- Problem details
Word for word, restate the lines of the data below between those holding "风险信号 → 小趋势跟踪" and "Experience the Inbarely®", inclusive; pictures do not belong in the copy.

- Available records
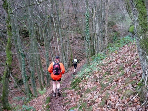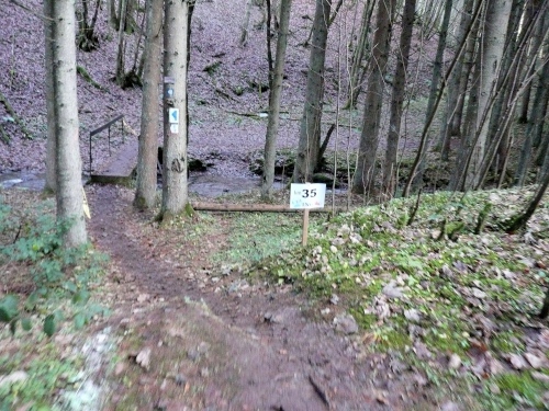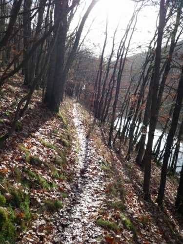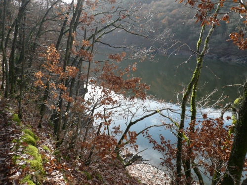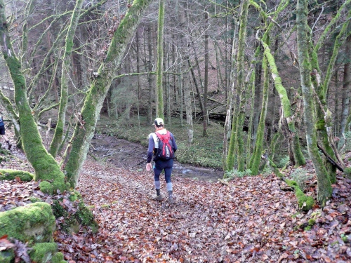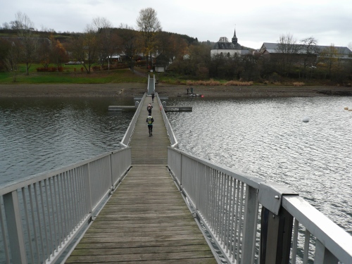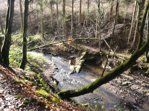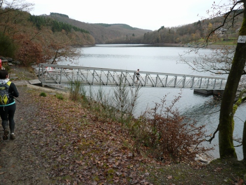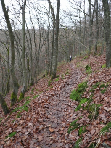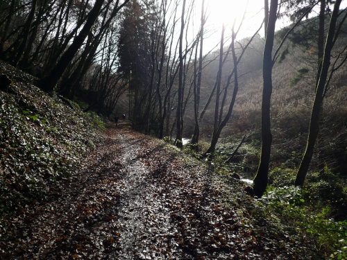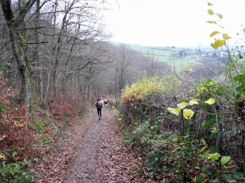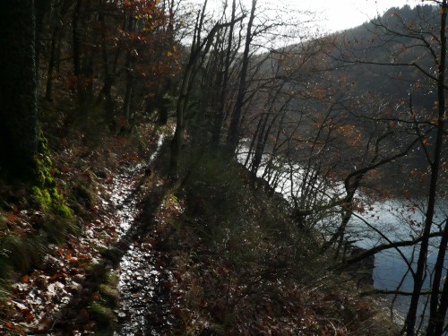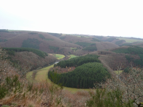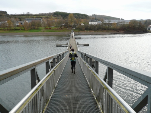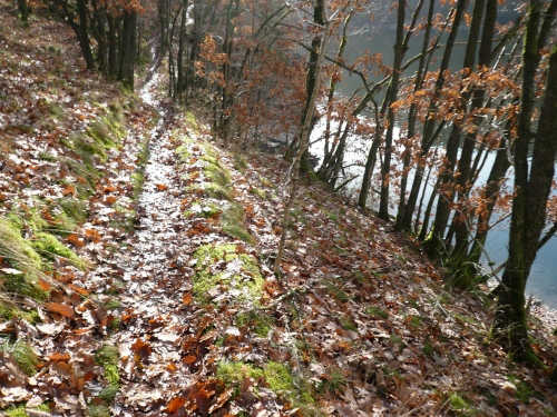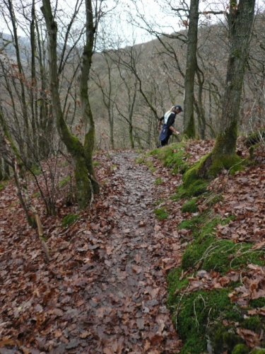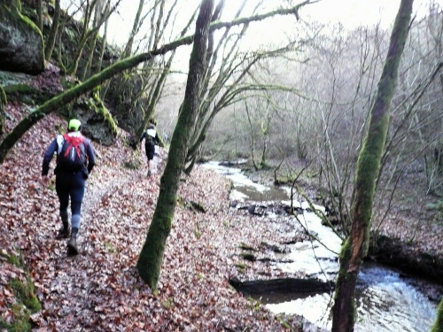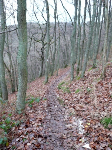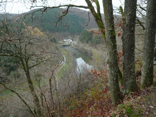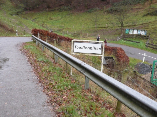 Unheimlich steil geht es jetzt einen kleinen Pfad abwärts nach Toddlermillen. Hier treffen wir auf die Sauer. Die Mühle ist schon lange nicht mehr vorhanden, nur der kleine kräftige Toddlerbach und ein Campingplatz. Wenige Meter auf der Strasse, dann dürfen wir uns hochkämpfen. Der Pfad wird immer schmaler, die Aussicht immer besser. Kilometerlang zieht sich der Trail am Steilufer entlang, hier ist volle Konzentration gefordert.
* * *
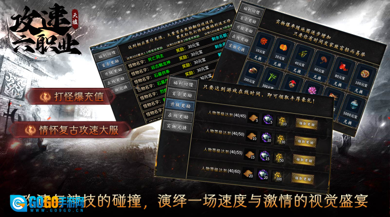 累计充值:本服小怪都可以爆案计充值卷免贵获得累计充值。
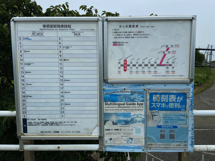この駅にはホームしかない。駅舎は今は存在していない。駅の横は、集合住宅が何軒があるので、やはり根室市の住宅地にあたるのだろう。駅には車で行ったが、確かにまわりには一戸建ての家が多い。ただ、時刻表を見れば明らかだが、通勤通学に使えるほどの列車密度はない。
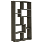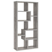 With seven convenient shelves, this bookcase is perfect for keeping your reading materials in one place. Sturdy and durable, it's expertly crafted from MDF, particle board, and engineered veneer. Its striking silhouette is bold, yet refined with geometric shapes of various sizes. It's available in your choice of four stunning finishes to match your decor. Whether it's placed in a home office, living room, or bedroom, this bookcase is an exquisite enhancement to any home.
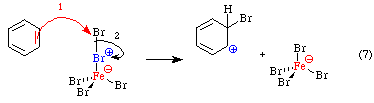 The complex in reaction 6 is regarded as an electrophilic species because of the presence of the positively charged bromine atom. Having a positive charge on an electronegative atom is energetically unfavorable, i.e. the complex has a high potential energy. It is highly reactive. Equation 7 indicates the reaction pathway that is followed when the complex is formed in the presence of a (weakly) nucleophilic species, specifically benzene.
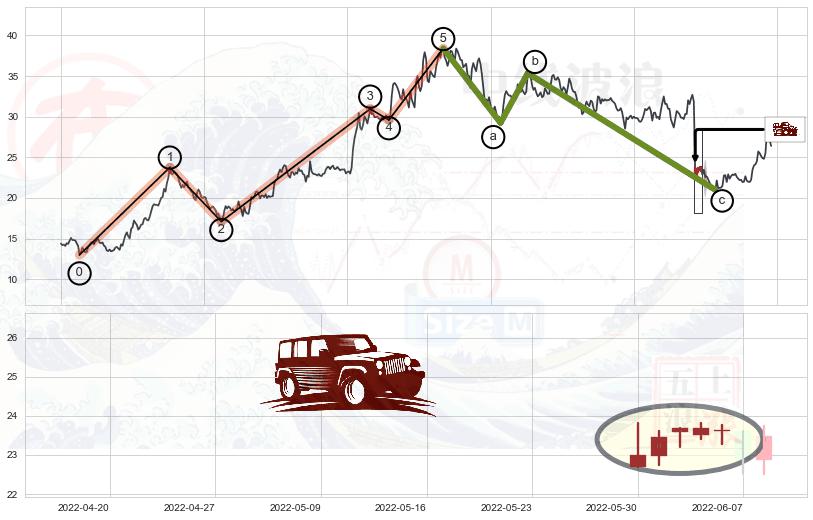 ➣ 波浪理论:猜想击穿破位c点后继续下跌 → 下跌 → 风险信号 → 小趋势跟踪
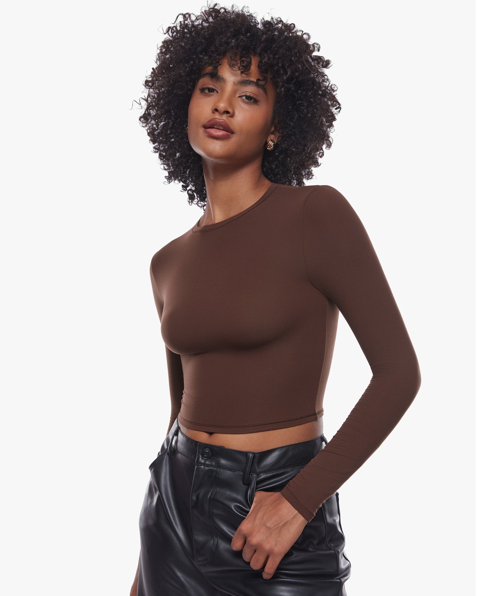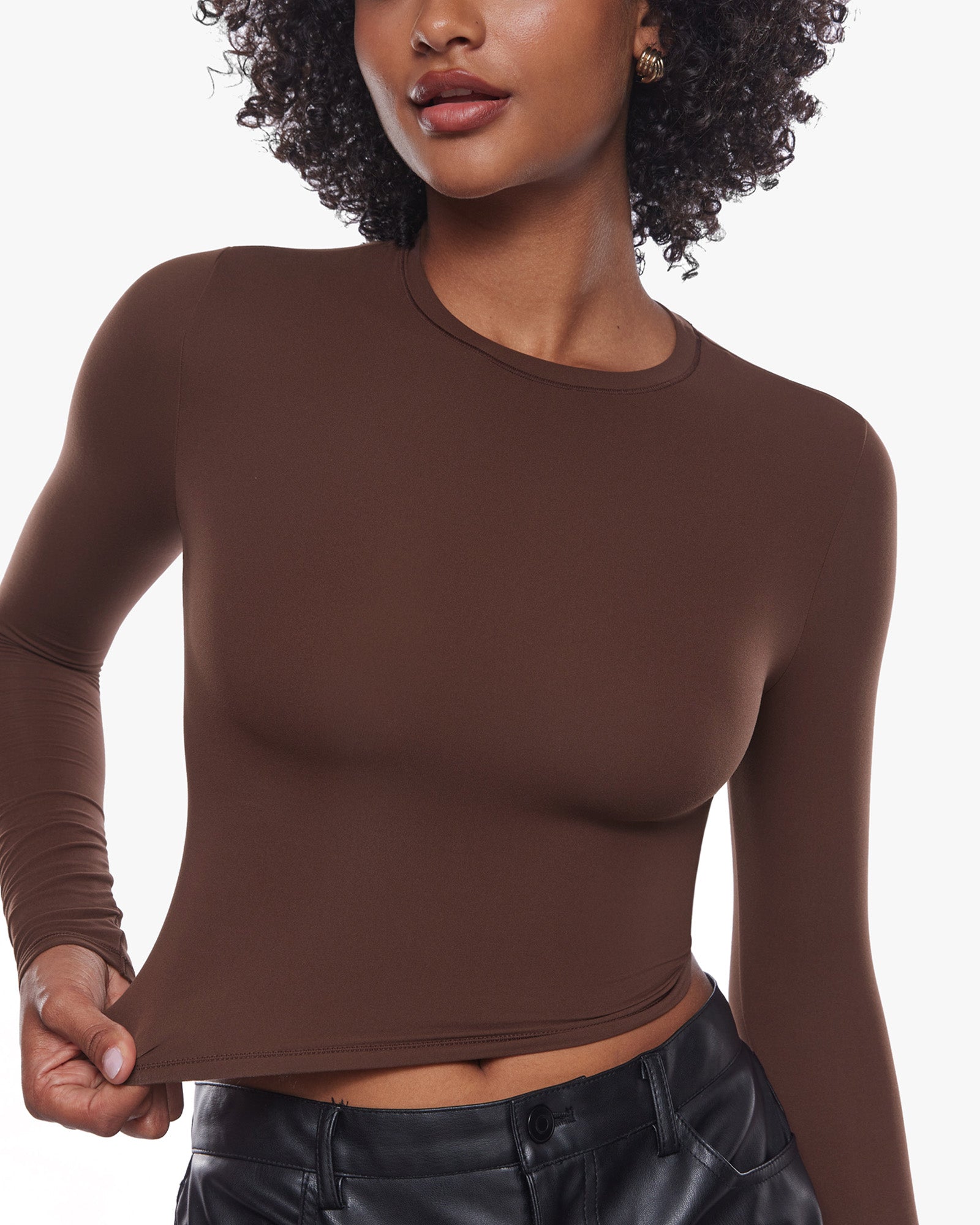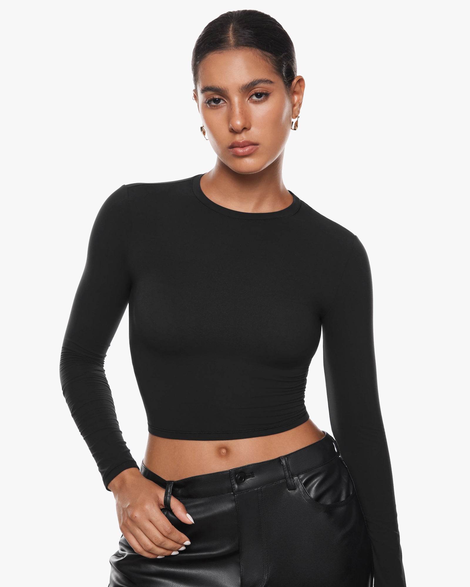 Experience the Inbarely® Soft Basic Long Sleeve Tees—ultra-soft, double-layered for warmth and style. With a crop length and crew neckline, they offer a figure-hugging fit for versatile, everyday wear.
==
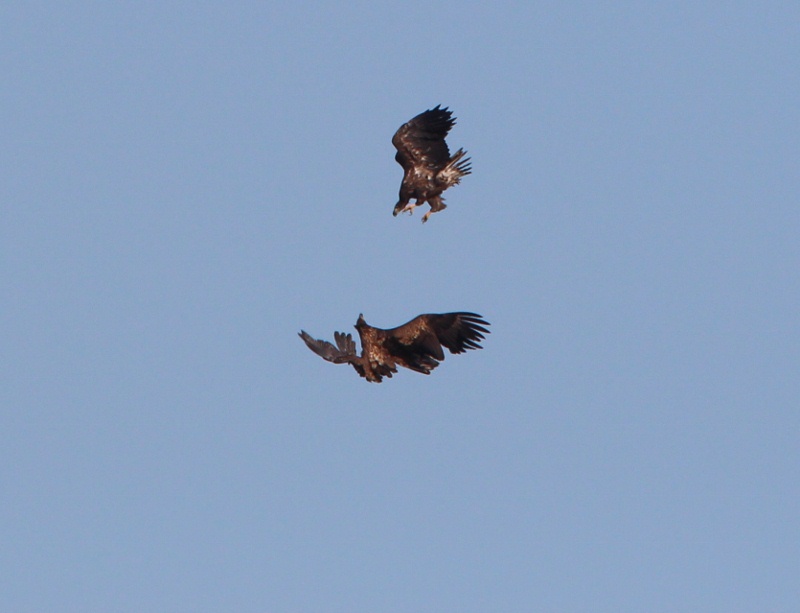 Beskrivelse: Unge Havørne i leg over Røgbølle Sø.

- Exercise response
 ➣ 波浪理论:猜想击穿破位c点后继续下跌 → 下跌 → 风险信号 → 小趋势跟踪
 Experience the Inbarely® Soft Basic Long Sleeve Tees—ultra-soft, double-layered for warmth and style. With a crop length and crew neckline, they offer a figure-hugging fit for versatile, everyday wear.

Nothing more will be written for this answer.